Material supplied:
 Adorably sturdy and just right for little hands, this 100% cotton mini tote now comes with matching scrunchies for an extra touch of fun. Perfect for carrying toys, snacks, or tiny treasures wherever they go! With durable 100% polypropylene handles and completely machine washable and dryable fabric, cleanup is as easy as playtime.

...

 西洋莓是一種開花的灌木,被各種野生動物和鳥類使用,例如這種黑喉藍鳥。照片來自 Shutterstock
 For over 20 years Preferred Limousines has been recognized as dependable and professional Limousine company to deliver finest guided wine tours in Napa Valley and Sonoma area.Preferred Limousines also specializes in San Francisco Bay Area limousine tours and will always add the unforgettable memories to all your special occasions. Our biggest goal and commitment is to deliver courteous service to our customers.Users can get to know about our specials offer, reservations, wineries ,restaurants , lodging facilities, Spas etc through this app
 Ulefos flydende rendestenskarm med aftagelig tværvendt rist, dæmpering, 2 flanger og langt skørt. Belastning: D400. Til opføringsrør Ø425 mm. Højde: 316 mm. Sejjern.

---

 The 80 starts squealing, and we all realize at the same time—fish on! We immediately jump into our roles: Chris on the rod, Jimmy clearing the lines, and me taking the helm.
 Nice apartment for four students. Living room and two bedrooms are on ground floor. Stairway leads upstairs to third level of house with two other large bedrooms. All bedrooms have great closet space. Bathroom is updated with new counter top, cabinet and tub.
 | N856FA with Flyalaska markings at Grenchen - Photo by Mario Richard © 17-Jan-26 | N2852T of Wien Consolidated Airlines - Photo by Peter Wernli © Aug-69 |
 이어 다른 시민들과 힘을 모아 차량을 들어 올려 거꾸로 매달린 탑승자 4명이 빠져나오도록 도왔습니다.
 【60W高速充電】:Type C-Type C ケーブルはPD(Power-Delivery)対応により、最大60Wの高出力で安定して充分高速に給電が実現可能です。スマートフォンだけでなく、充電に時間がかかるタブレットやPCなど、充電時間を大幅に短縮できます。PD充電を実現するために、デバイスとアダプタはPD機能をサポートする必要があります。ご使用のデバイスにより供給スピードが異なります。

To do:
Which lines run from the one holding "The 80 starts" through the one holding "Nice apartment for" in the records above? Repeat them exactly, both included, and nothing more.

Solution to this problem:
 The 80 starts squealing, and we all realize at the same time—fish on! We immediately jump into our roles: Chris on the rod, Jimmy clearing the lines, and me taking the helm.
 Nice apartment for four students. Living room and two bedrooms are on ground floor. Stairway leads upstairs to third level of house with two other large bedrooms. All bedrooms have great closet space. Bathroom is updated with new counter top, cabinet and tub.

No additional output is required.